Sourdough bread presents some unique difficulties (and excitement!) when compared to other forms of baking. I’ve often heard that, while cooks can get away with variances in ingredients without too much difficulty, baking commands a higher level of precision. With sourdough, the idea of attempting to be precise, and make everything as perfect and reproducible as possible, begins to fall apart.
The Difference With Sourdough
Sourdough is much more difficult to control than other forms of baking, because there are simply too many factors at play. Though many baked goods require some sort of leavening agent, which creates air pockets in the dough and allows it to rise, sourdough gets that leavening agent from the surrounding environment and not the shelves of a supermarket.
You begin by mixing flour and water together and allowing it to sit out and ferment (there are more details, but I won’t go into them here). This mixture naturally attracts yeast and bacteria from the surrounding air, which colonize it. These bacteria and yeast form a symbiotic relationship in the flour and water mixture. The bacteria creates carbon dioxide, which leavens the bread, as well as an acidic environment that causes a sour taste and favors only a few specific types of yeast that can tolerate it. The yeast, in return, produces additional carbon dioxide and does not digest the starch sugar maltose, which is essential to the bacteria. Though some yeasts and bacteria are most commonly found in sourdough starter (Candida milleri and Lactobacillus sanfranciscenis, respectively), it’s possible for new species to show up, since starters are exposed to their surroundings. Furthermore, since the life cycle of these tiny single-celled organisms is only a few days, they can evolve quickly to produce a starter uniquely suited to its surrounding environment—and which produces unique flavors. The longer you use a starter, and the more times you bake with it, the better suited it will be to its environment.1
Most breads, by contrast, are leavened with commercial yeast (Saccharomyces cerevisiae). This produces a strong, consistent rise, and is more easily controlled because it is guaranteed to be the same species every time. However, since it’s not a symbiotic colony of different living things, it does not produce nearly as much interesting or unique taste as a sourdough culture. For instance, one simple sourdough loaf is ‘“made of unbleached flour, water, and salt. Three ingredients, lots of taste, great texture.” Yet a typical supermarket white bread has more than 25 ingredients and additives and still tastes vapid.’2 This perfectly illustrates the deceptive complexity of the cultures in a sourdough starter: just flour, water, and time allow Mother Nature to take over and produce amazing varieties of complex and interesting flavors.

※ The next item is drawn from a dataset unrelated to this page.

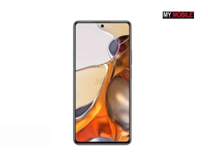 The front design image from the listing shows a flat display, resembling the Poco M7 Pro 5G. The bezels are thin on three sides, but the chin is slightly thicker. The selfie camera sits in a centrally positioned punch-hole cutout. The volume rocker and power button are placed on the right side.
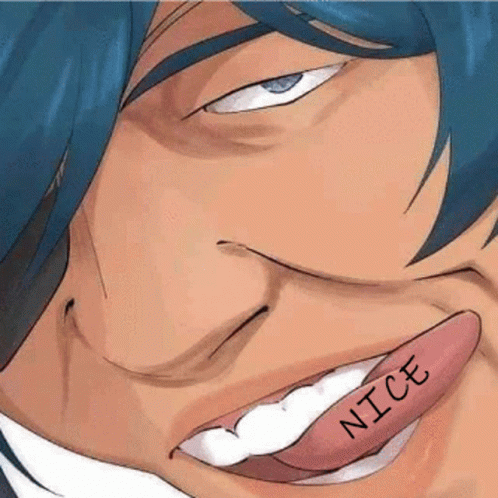 Kaeya, an anime character, shows a sly expression with his tongue sticking out, featuring the word 'NICE'.

More of An Art Than A Science
When I first starting baking bread here in Rome, I was determined to try and document everything, measure my ingredients as closely as possible, and try to control everything that I could between each of my loaves, only changing one variable at a time and observing how that changed the loaf. But eventually I began to realize that, with sourdough, there was far too much at play for me to possibly play dictator for each loaf I made. Temperature variations, different feeding times, drafts, fermenting during the day vs. at night, slight variations in hydration levels, different amounts of starter due to the difficulties in measuring by volume, etc., all contributed to making the role of puppet master virtually impossible. So I grew to enjoy the idea of just feeling it out, and letting the dough dictate what I did, rather than trying to orchestrate everything down to the gram and minute.
The unique variety of bacteria and yeast inside of each starter means that working with a starter is an entirely different experience than most baking endeavors. Following recipes, and executing them well, isn’t necessarily good enough to get good results with sourdough. You need to develop a feel for your starter and understand when it’s ready to go. By capturing it at different stages in the lifecycle, you can obtain different flavors in your bread. Sourdough that has been left out without being fed for a long time will have consumed most of the sugars, and produced more acid, creating a more sour taste. Conversely, well-fed sourdough will be less sour because the ratio of sugars to acids is higher.
Experimentation will help you to get a better feel for this, but because of the diversity of the live cultures, it’s likely that your results will never be completely consistent. But I think that’s really the beauty of sourdough—it forces us to let go of the idea that we can control every aspect of baking. In a way, it’s incredibly freeing to know that there’s too much going on for us to possibly keep track of. There will always be a sort of “wildcard” with sourdough. Which is part of what makes it fun :)
Now it’s time to go out and bake some bread! Don’t concern yourself too much with the details of recipes: learn how the dough should feel when it’s properly kneaded, how the sourdough should smell and look (and taste, if you’re feeling brave) when it’s ready. Remember, this process largely depends on your environment, so it will be a little different for everyone. I promise it’s not nearly as daunting as it seems.
1 Fun fact: yeast are not bacteria; they’re actually single-celled eukaryotes, which means that they contains a nucleus (just like the cells inside you and me!)